Hallmark, you've been like served

Having served as Paris Hilton’s licensing attorney in a previous life, I am obligated to preserve the confidences of my former client.

So please understand if I report the following case without editorial comment and/or sarcastic innuendo about “intellectual property.”  No, I will leave that to others.

To wit, Paris prevailed before a federal appeals court in her claim that Hallmark Cards may have misappropriated her right of publicity with a birthday card titled “Paris’s First Day as a Waitress” that featured a photograph of the hotel heiress’ head on a cartoon figure of a waitress, delivering a plate of food to a customer with her catchphrase “That’s Hot.”

Under the law of California and most other states, commercial use of a person’s image without permission is normally a violation of her right of publicity.  But Hallmark had argued successfully to the trial court that the claim should be dismissed, because its cartoon figure sketch of Paris had added sufficient original content such that it qualified under the “transformative use” doctrine in California, so that the First Amendment trumped the California right of publicity claim.

However, the appeals court sided with Paris.
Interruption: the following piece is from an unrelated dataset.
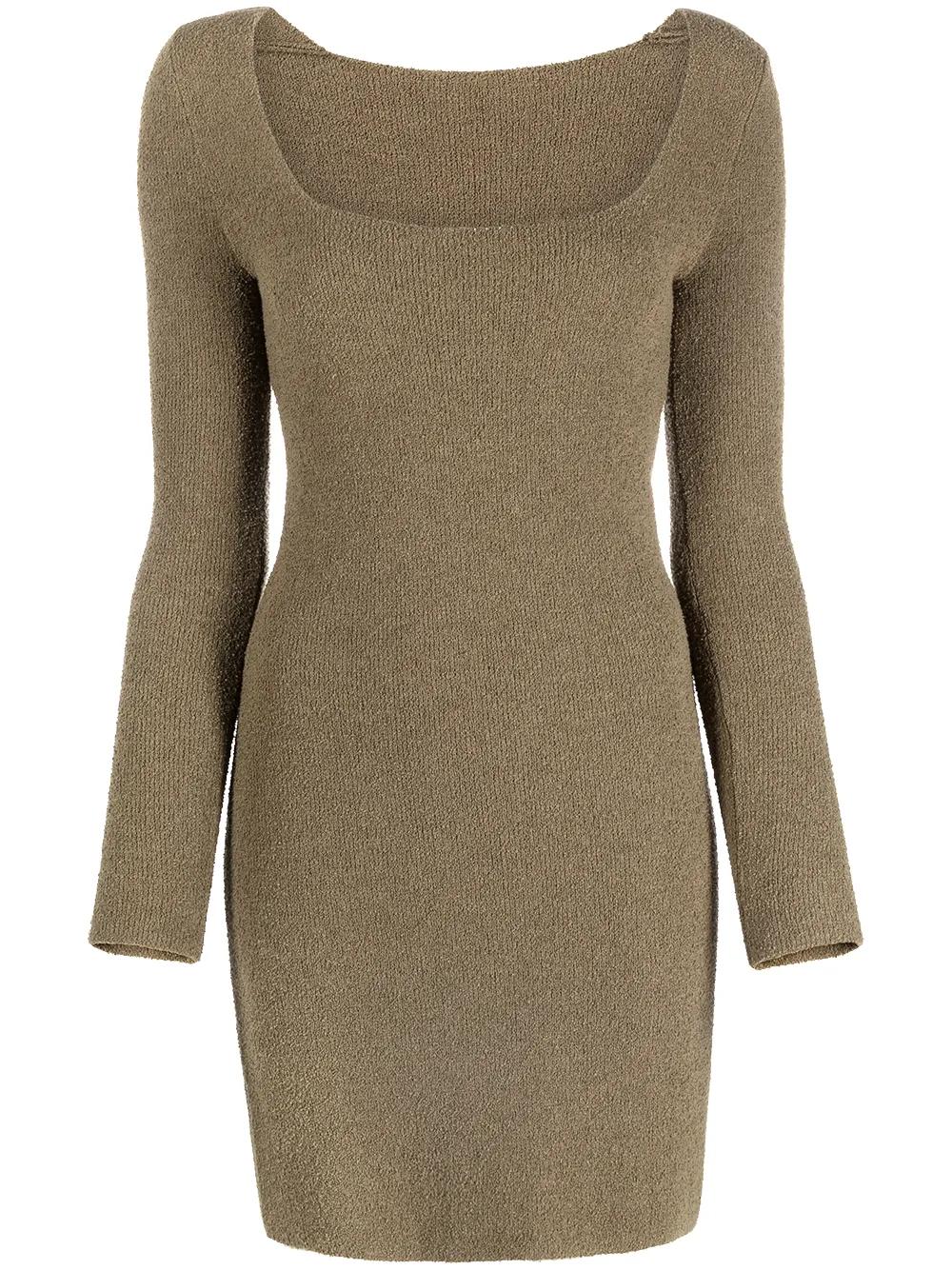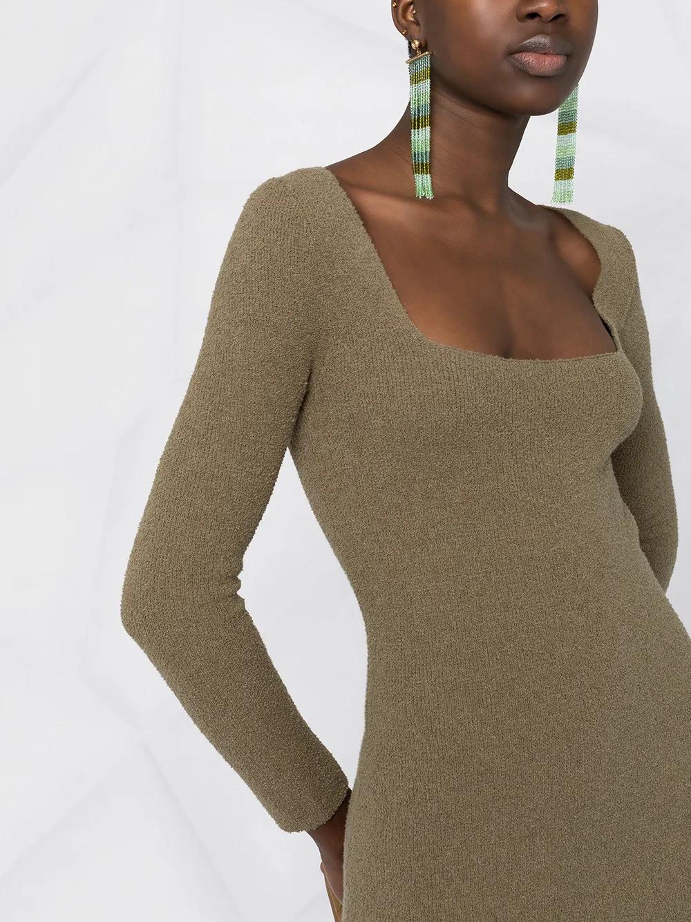 dusty green knitted construction slim cut square neck long sleeves straight hem thigh-length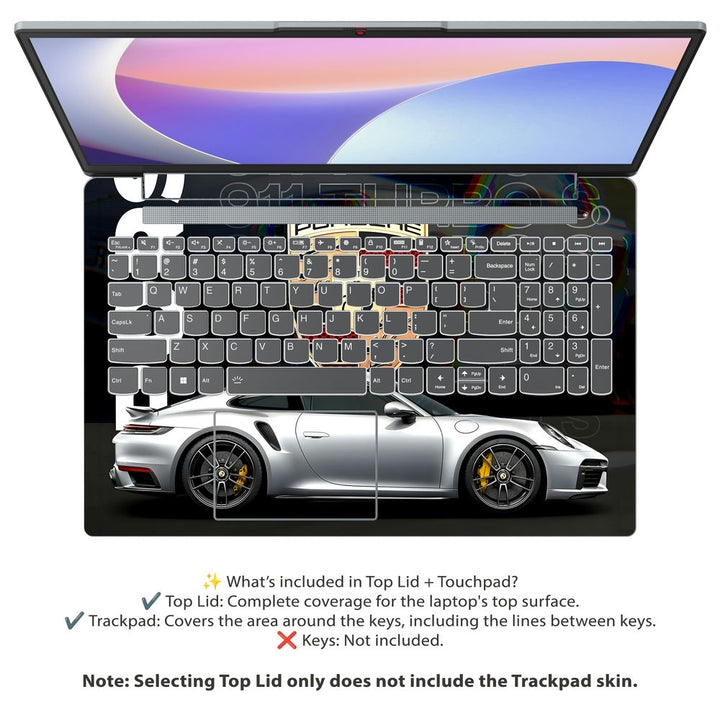 - Top Lid + Touchpad: Extends coverage to the palm rest and keyboard surroundings for complete personalization.

The court did not have to rule on the merits of the issue, but ruled that the birthday card was not transformative enough under California law to automatically qualify for First Amendment protection, at least not without a much closer look by the trial court.  For that reason, it reinstated the claim and sent it back to the trial court to decide whether it had sufficiently transformed Paris Hilton’s image, or was mainly free-riding on her fame.

Takeaway: tread very carefully when using a celebrity look-alike or sound-alike in any non-news, commercial context.  The use may qualify for First Amendment protection, because it is a parody or has been “transformed” by sufficient original content, but it is often difficult to predict how a court will rule on these issues.  The case law on “transformative use,” especially, is all over the map, as Hallmark’s lawyers discovered.